CERN is a physics laboratory founded in 1954 focused on research, technology, and education in the domain of Fundamental Physics and Standard Model where its accelerators serve as giant microscopes and allow discovering the particularities of the basic building blocks of matter. Funded by 22 member states with approximately 2,500 employees and over 10,000 active users coming from all over the world, CERN is home to the largest and the most powerful particle accelerator in the world – the Large Hadron Collider (LHC). Up to now, it is the most complicated scientific experiment that led to the discovery of the Higgs boson (the particle predicted by the Standard Model) in 2012 as announced by the ATLAS and CMS experiments.
As complex and interconnected particle accelerators, collectively they generate massive amounts of data per day. In this blog, I want to share our architecture for logging service and how we collect and process data at massive scale with Apache Spark.
But first, a bit of background on the family of CERN accelerators.
Particle Accelerators Chain at CERN
The LHC accelerator itself consists of a 27-kilometer ring of superconducting magnets with a number of accelerating cavities to increase the energy of the particles circulating inside its rings. But CERN itself is not only the LHC. In reality, it is a complex of interconnected particle accelerators arranged in a chain with each successive machine able to further increase the energy of the particles. The beam production starts with a simple hydrogen bottle at the Linac 2, the first accelerator in the chain that accelerates protons to the energy of 50 MeV. The beams later on get injected into the Proton Synchrotron Booster where the proton bunches are formed and accelerated further to 1.4 GeV. The next accelerator in the chain is called the Proton Synchrotron which forms the final shape of the beam bunches and kicks the beam up to 25 GeV.
The particles are later sent to the Super Proton Synchrotron where they are accelerated to 450 GeV, from which they are injected using two transfer lines into two pipes of the LHC. This is where the beams go in opposite directions to be collided at the experimental sites. It takes around 25 minutes to fill the LHC with the desired particle bunches and accelerate them to their final energy of 6.5 TeV.
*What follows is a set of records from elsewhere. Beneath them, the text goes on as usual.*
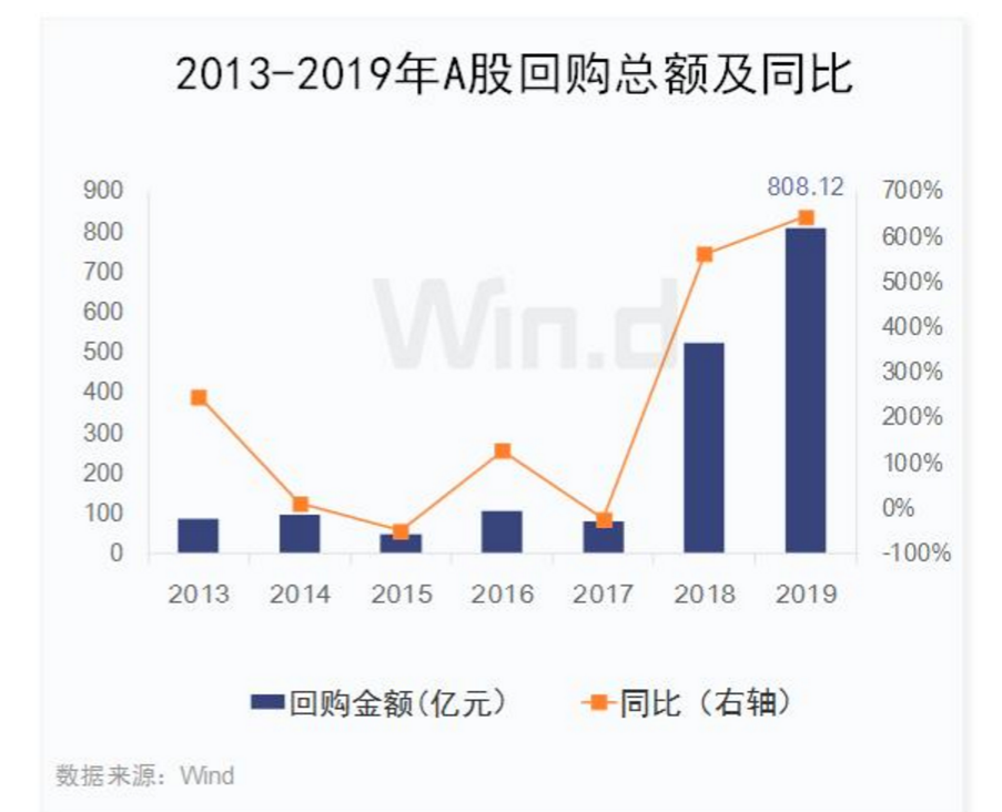 2019年初至今,兩市已有711家公司實(shí)施了回購計(jì)劃,總回購金額遠(yuǎn)超去年全年,達(dá)808.12億元,同比增長(zhǎng)6.43倍,2018年同期回購總規(guī)模為108.76億元。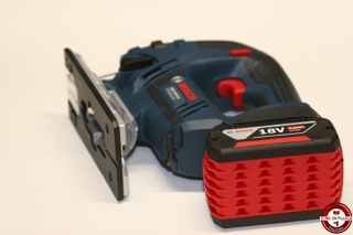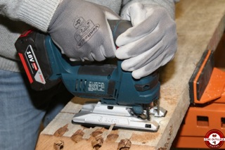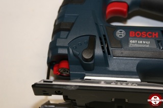 La maniabilité et le confort de la scie sauteuse Bosch GST 18 V-LI sont irréprochables y compris pour les coupes courbes dans les endroits exigus. Le blocage et déblocage de la sécurité se fait d’une seule main. Le changement de lame s’effectue rapidement. Lors de nos tests effectués dans le bois (lames de parquet massif, lames de parquet stratifié, agglo, contreplaqué fin, bastaing…) La machine s’est montrée véloce, nous avons adapté la lame correspondante à chaque type de matériau et le résultat est parfait et sans éclats.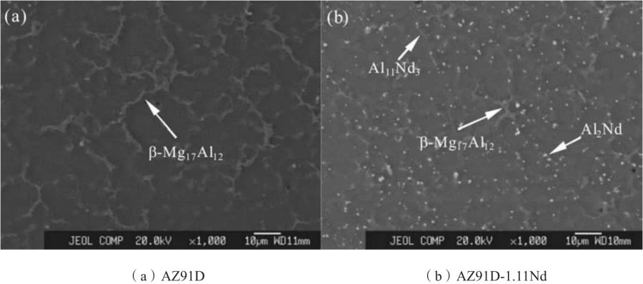 圖3 壓鑄態(tài)AZ91D與AZ91D-1.11Nd合金的金相照片 圖4為AZ91D和AZ91D-1.11Nd合金壓鑄試樣的SEM照片。可見,AZ91D合金的微觀組織主要由黑色α-Mg基體和灰色β-Mg17Al12組成,β-Mg17Al12呈網(wǎng)狀沿晶界分布。AZ91D-1.11Nd合金的微觀組織主要由黑色α-Mg基體、灰色β-Mg17Al12和大量亮色的粒狀和少量針狀相組成,β-Mg17Al12呈網(wǎng)狀沿晶界分布,亮色細小顆粒狀和針狀相在晶界和晶粒內(nèi)彌散分布,網(wǎng)狀的β-Mg17Al12被打斷且粒徑減小。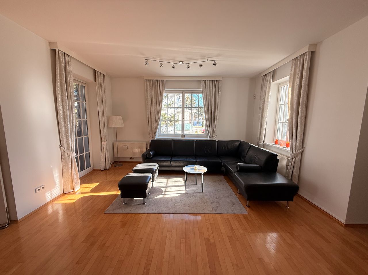 Das Herzstück der Wohnung bildet das großzügige Wohnzimmer, das durch große Fensterflächen mit Tageslicht durchflutet wird und eine angenehme, offene Atmosphäre schafft.

The energy per proton corresponds to approximately that of a flying mosquito; however, the total accumulated energy coming from all the 116e09 protons per bunch and 2800 bunches in the beam gives an enormous energy, equivalent to that of an aircraft carrier cruising at 5 knots. Huge detectors in the experimental sites observe the collisions producing around 1PB of events per second that is filtered to around 30-50 PB of usable physics data per year.
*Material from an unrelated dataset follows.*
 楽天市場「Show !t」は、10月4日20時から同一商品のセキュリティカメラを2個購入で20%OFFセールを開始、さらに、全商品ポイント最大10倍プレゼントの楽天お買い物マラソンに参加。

Particles’ Journey, Devices, and Data Collectors
While the LHC is surely CERN’s flagship experiment, the laboratory engineers, accelerator operators, and beam physicists work hard to deliver various types of beams to other experiments located at the smaller accelerators around the complex. Before the users (i.e. experimental physicists) can analyze the data from the collisions, an enormous effort is put to make the whole complex work in a highly synchronized and coordinated manner. The typical accelerator is composed of the multitude of devices starting from various types of magnets like dipoles used to bend the particles, the quadruples to focus them or the kickers to inject/extract beam from/to other accelerators. The acceleration of the beam is carried out using radio-frequency cavities, and precise beam diagnostics instrumentation is used to measure the characteristics of the produced particle bunches. There are also many other systems involved in the beam production like orbit feedbacks, timing, synchronization, interlocks, security, radiation protection, etc.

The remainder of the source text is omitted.